Fig. 5.

Effects of pro-oxidants on AMPK activity and Cn pathay. AMPKα (Thr172) activity in Raw264.7 and C2C12 cells were measured following treatment with DTPP ⁺ control or TPP + conjugated agents (MitoPQ and MitoMet) for 16 h at the indicated doses. A, Phosphorylated AMPKα level was measured in Raw264.7 cells and C2C12 cells. B, immunoblot analysis of phosphor-AMPKα protein along with GAPDH as loading control. The Bar diagram representing (the band intensity AMPKα Phos/tolal) The blots are representative of three different runs (n = 3). C-E, mRNA expression profile of different MtRS signaling markers at different time of hypoxia in HCT116 cells. The mRNA levels were monitored in qRT-PCR assays. The results from 3 independent experiments and normalized to beta actin mRNA levels and expressed as a fold change over the normoxic control.

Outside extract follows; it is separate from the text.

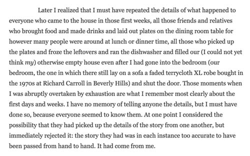 First off, I read Joan Didion's A Year of Magical Thinking in the weeks afterward which everyone said was a bit masochistic, but Didion has such a way with words, a way with grief, and a way to reassure that these thoughts are not crazy, that it was so incredible to me: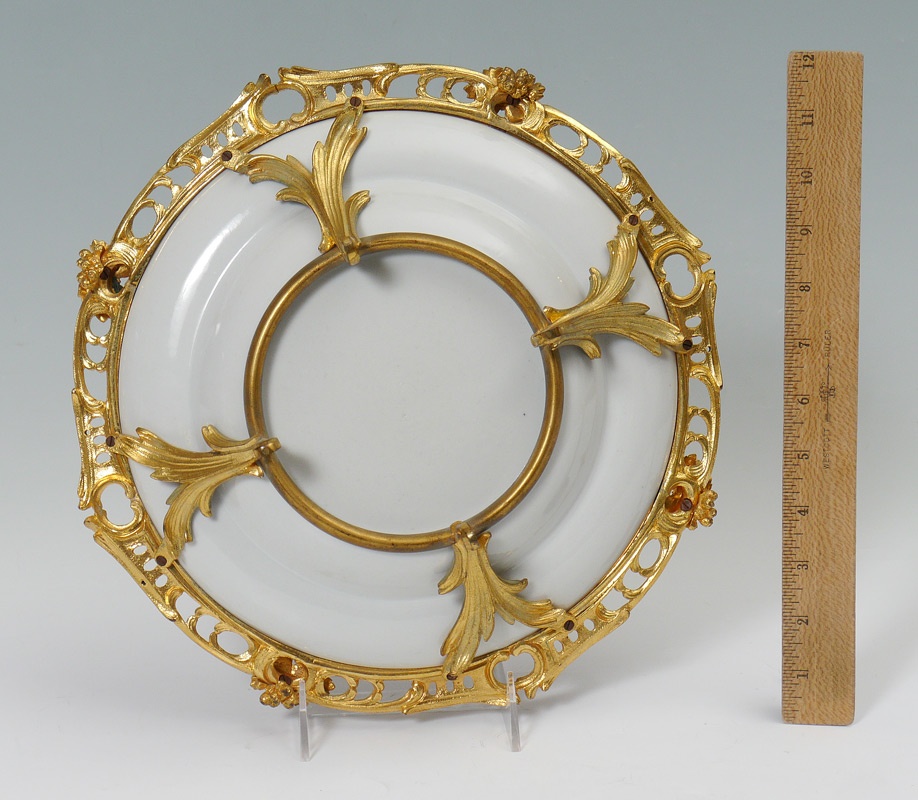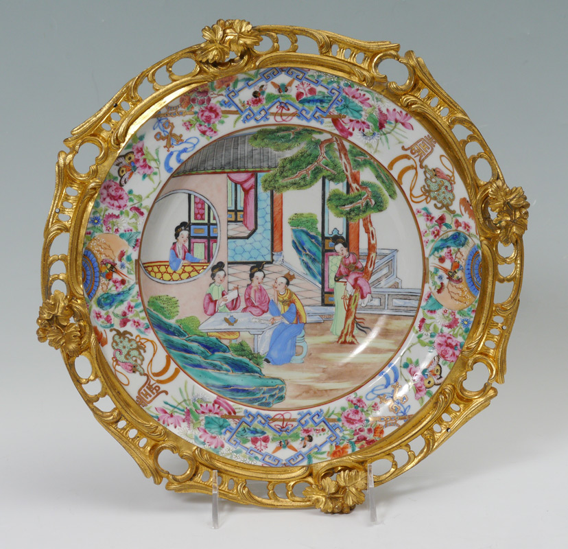 ORMOLU MOUNTED CHINESE BOWL: Enamel and paint decorated shallow bowl with scene of Geisha at an outdoor table. Raised in a gilt open work frame on four feet. Unmarked. 3 1/2''h. plus leaf finials, 12 1/4'' diameter.

F, Matrigel invasion of control HCT116 cells treated with or without mito-targeted agents for 16h, before cells were loaded in to the chamber. G, quantitation of invading cells from triplicate experiments as in F. Significance was calculated by one-way ANOVA with Tukey's multiple-comparison test, and data are presented as treatment group versus no-treatment control. In all experiments, error bars represent standard deviations (*p < 0.05, **p < 0.01).